:: Activity ::
What is needed here is each entry reproduced exactly, without its pictures.

[Stored items]
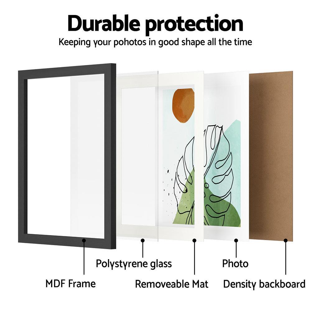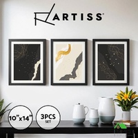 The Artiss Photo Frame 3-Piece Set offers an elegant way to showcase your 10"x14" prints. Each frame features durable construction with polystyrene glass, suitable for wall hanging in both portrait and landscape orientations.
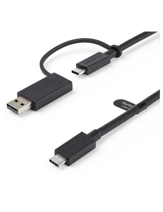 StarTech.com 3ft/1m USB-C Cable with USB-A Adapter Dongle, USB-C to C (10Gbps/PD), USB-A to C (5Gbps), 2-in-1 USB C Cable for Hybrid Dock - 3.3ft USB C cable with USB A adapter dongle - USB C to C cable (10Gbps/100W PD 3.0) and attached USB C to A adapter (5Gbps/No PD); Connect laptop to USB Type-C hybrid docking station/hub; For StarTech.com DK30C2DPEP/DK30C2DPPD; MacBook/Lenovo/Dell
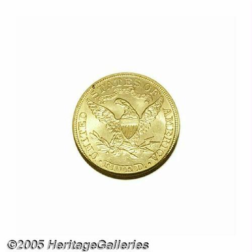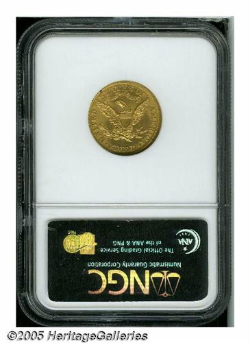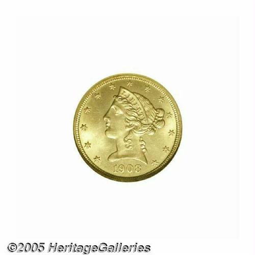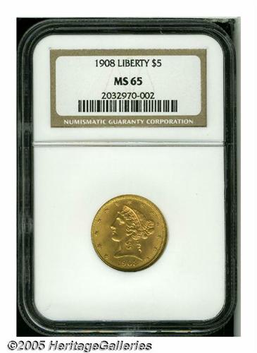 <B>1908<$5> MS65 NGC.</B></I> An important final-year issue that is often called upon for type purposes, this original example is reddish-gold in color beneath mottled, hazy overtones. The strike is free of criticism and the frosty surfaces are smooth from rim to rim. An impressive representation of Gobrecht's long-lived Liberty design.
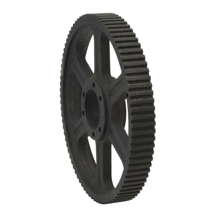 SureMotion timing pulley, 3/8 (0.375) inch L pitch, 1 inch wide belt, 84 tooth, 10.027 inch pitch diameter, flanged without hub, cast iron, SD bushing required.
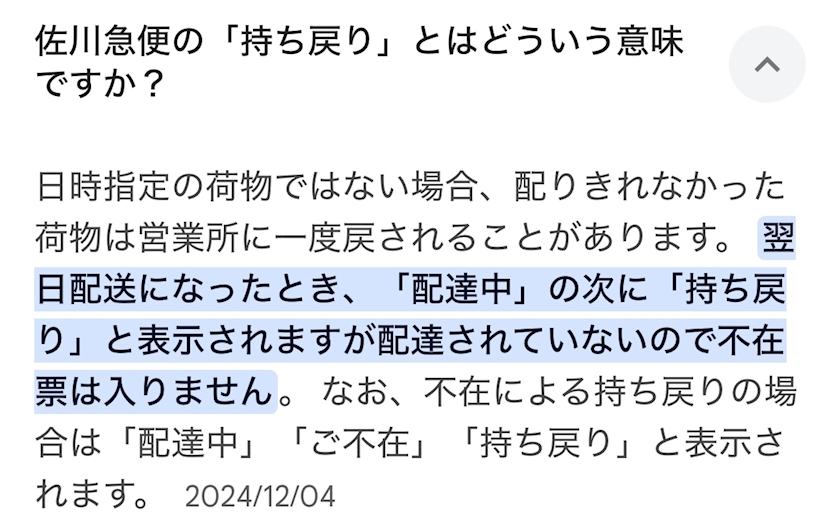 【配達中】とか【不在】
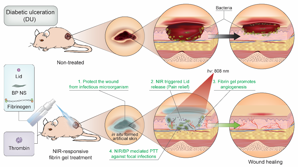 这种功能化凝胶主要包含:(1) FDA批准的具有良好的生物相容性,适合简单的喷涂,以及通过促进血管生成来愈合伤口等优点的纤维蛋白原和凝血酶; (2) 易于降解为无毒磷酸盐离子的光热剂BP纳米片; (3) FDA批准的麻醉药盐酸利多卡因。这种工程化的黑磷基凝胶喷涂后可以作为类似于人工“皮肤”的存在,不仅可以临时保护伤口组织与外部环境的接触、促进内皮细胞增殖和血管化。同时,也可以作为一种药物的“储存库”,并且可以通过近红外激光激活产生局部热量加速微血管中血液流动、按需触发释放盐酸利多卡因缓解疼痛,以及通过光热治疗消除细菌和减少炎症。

:: Answer box ::
 The Artiss Photo Frame 3-Piece Set offers an elegant way to showcase your 10"x14" prints. Each frame features durable construction with polystyrene glass, suitable for wall hanging in both portrait and landscape orientations.
 StarTech.com 3ft/1m USB-C Cable with USB-A Adapter Dongle, USB-C to C (10Gbps/PD), USB-A to C (5Gbps), 2-in-1 USB C Cable for Hybrid Dock - 3.3ft USB C cable with USB A adapter dongle - USB C to C cable (10Gbps/100W PD 3.0) and attached USB C to A adapter (5Gbps/No PD); Connect laptop to USB Type-C hybrid docking station/hub; For StarTech.com DK30C2DPEP/DK30C2DPPD; MacBook/Lenovo/Dell
 <B>1908<$5> MS65 NGC.</B></I> An important final-year issue that is often called upon for type purposes, this original example is reddish-gold in color beneath mottled, hazy overtones. The strike is free of criticism and the frosty surfaces are smooth from rim to rim. An impressive representation of Gobrecht's long-lived Liberty design.
 SureMotion timing pulley, 3/8 (0.375) inch L pitch, 1 inch wide belt, 84 tooth, 10.027 inch pitch diameter, flanged without hub, cast iron, SD bushing required.
 【配達中】とか【不在】
 这种功能化凝胶主要包含:(1) FDA批准的具有良好的生物相容性,适合简单的喷涂,以及通过促进血管生成来愈合伤口等优点的纤维蛋白原和凝血酶; (2) 易于降解为无毒磷酸盐离子的光热剂BP纳米片; (3) FDA批准的麻醉药盐酸利多卡因。这种工程化的黑磷基凝胶喷涂后可以作为类似于人工“皮肤”的存在,不仅可以临时保护伤口组织与外部环境的接触、促进内皮细胞增殖和血管化。同时,也可以作为一种药物的“储存库”,并且可以通过近红外激光激活产生局部热量加速微血管中血液流动、按需触发释放盐酸利多卡因缓解疼痛,以及通过光热治疗消除细菌和减少炎症。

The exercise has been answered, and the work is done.